Eggplant Lasagna

13 ingredients
8 steps

Ingredients

  • 1 3/4 c. onion, chopped
  • 2 cloves garlic, minced
  • 16 oz. can whole tomatoes (undrained)
  • 1/4 c. tomato paste
  • 2 Tbsp. fresh chopped parsley
  • 1 tsp. salt (optional)
  • 1 tsp. dried whole oregano
  • 1/2 tsp. dried whole basil
  • pepper to taste
  • 3 lb. eggplant, peeled and sliced (1/4-inch)
  • 1 c. shredded low-fat Mozzarella cheese
  • 1 (8 oz.) low-fat cottage cheese
  • 3 Tbsp.
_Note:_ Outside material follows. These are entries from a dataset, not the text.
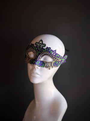 This exquisite mask embodies the festive spirit with its vibrant colors of purple, green, and gold. Whether you're heading to a masquerade ball, a Mardi Gras celebration, or simply looking to add a touch of extravagance to your evening, this mask is your perfect choice.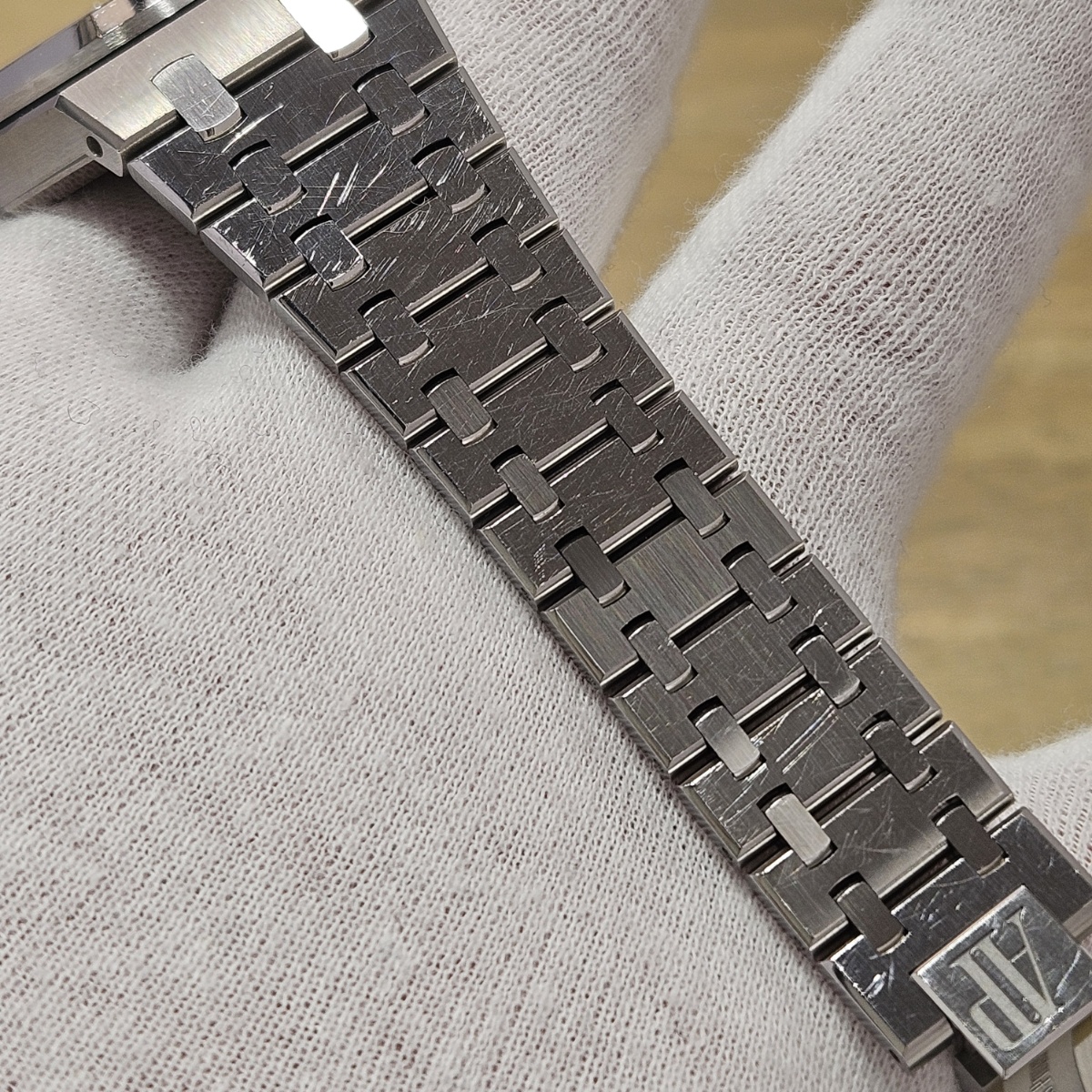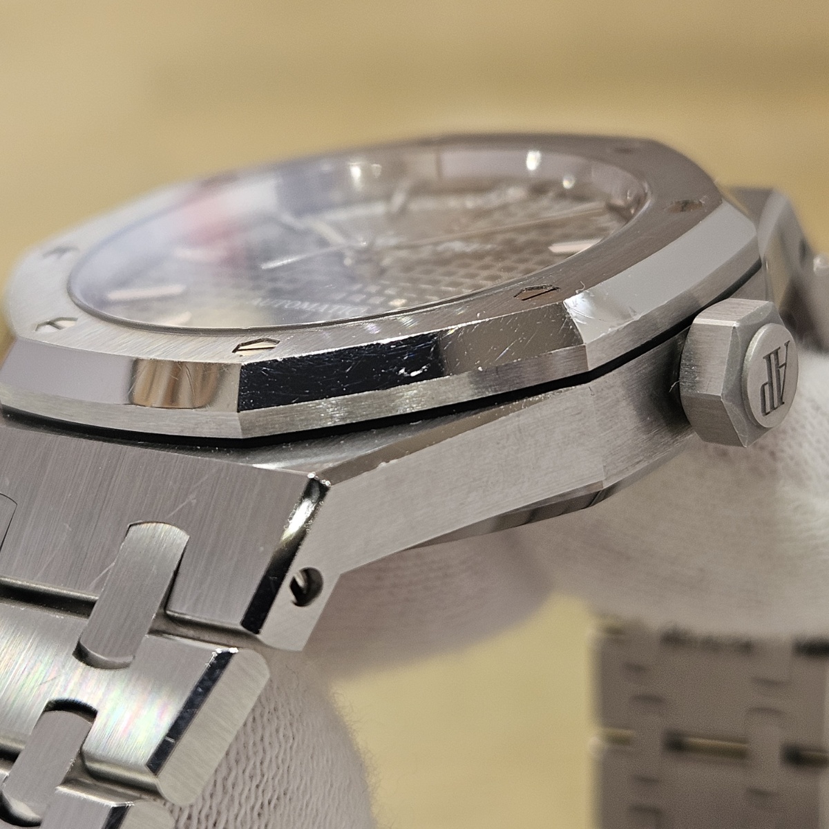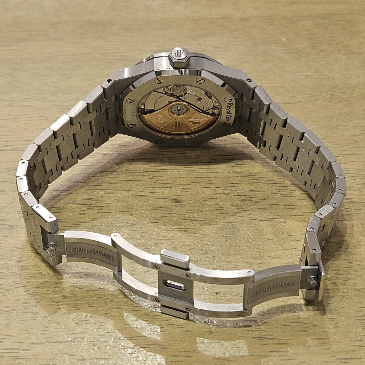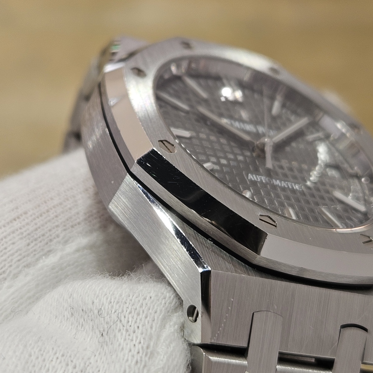 | コメント | 2019年8月。昔はあったのに見かけないモデルになってしまった15450STの入荷です。今回はワントーンで洋服にも合わせやすいルテニウムグレーの入荷です。ジャガールクルトベースのcal.3120を搭載した最後のモデルとなっておりまして、実際に使用してみるとスイッチングローカー式ですので巻き上げ効率が尋常では無いのが魅力です。デスクワークの方でも巻き上げが早く止まりにくい自動巻きムーブメントとなっております。今回の個体は使用傷は多数ございますが外装仕上げのはいっていないノンポリッシュ品となりましてエッジの切れ立つようなフォルムがそのままに残っております。フルコマ、完備品となりますので使用するので多少の傷は気にならないという方は是非お問い合わせ下さい。 |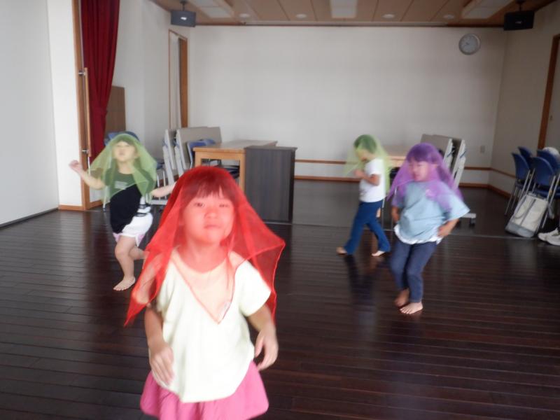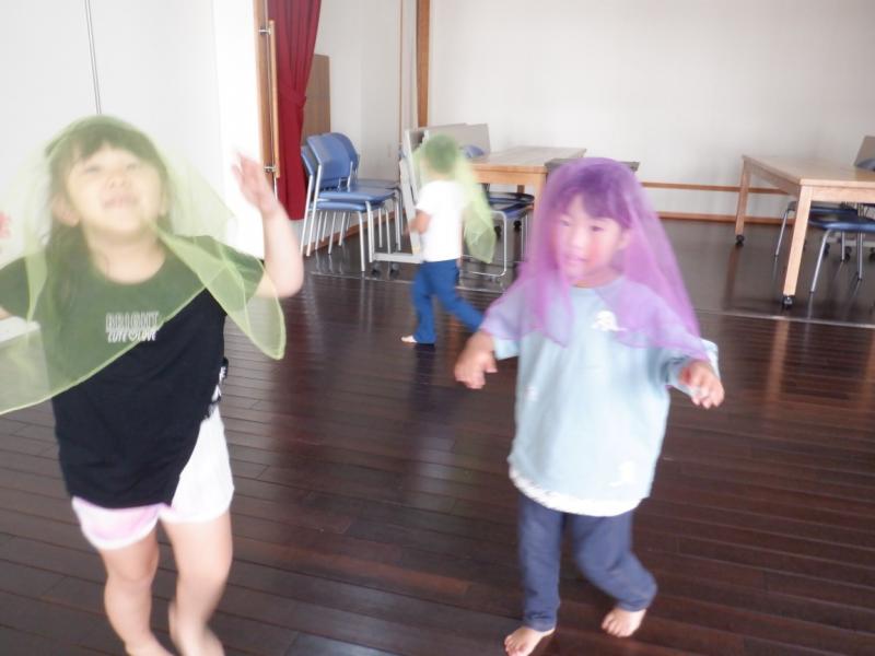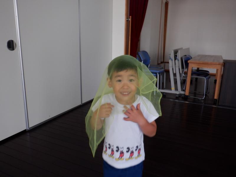 レースのハンカチを使って、お化けになりきって遊びました。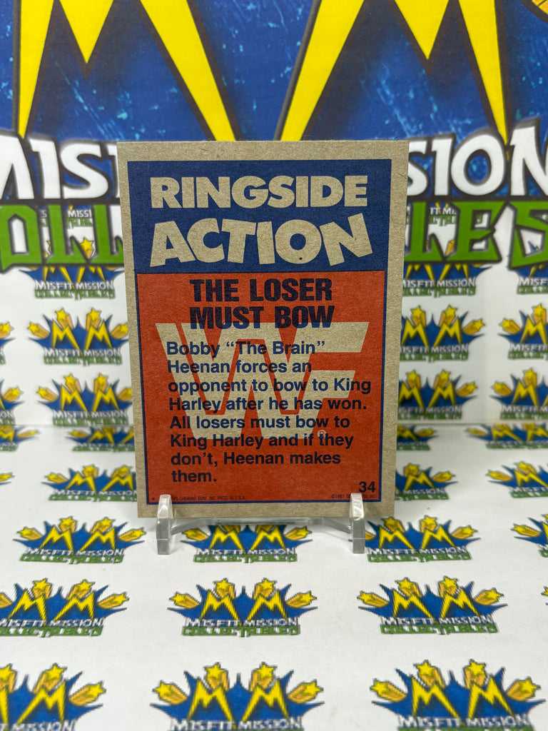 WWE/WWF TOPPS 1987 #34 The Loser Must Bow Trading Card, previously owned in good condition.

Parmesan cheese, grated

Directions

  1. 1
    Coat large skillet with vegetable cooking spray.
  2. 2
    Saute onion and garlic over low heat until onion is tender.
  3. 3
    Stir in next 7 ingredients.
  4. 4
    Bring to a boil, then reduce heat.
  5. 5
    Simmer, uncovered, for 30 to 40 minutes, stirring occasionally.
  6. 6
    Cook eggplant, covered, in small amount of boiling water for 3 to 5 minutes or until just tender.
  7. 7
    Do not overcook.
  8. 8
    Drain well. Combine Mozzarella and cottage cheese; set aside.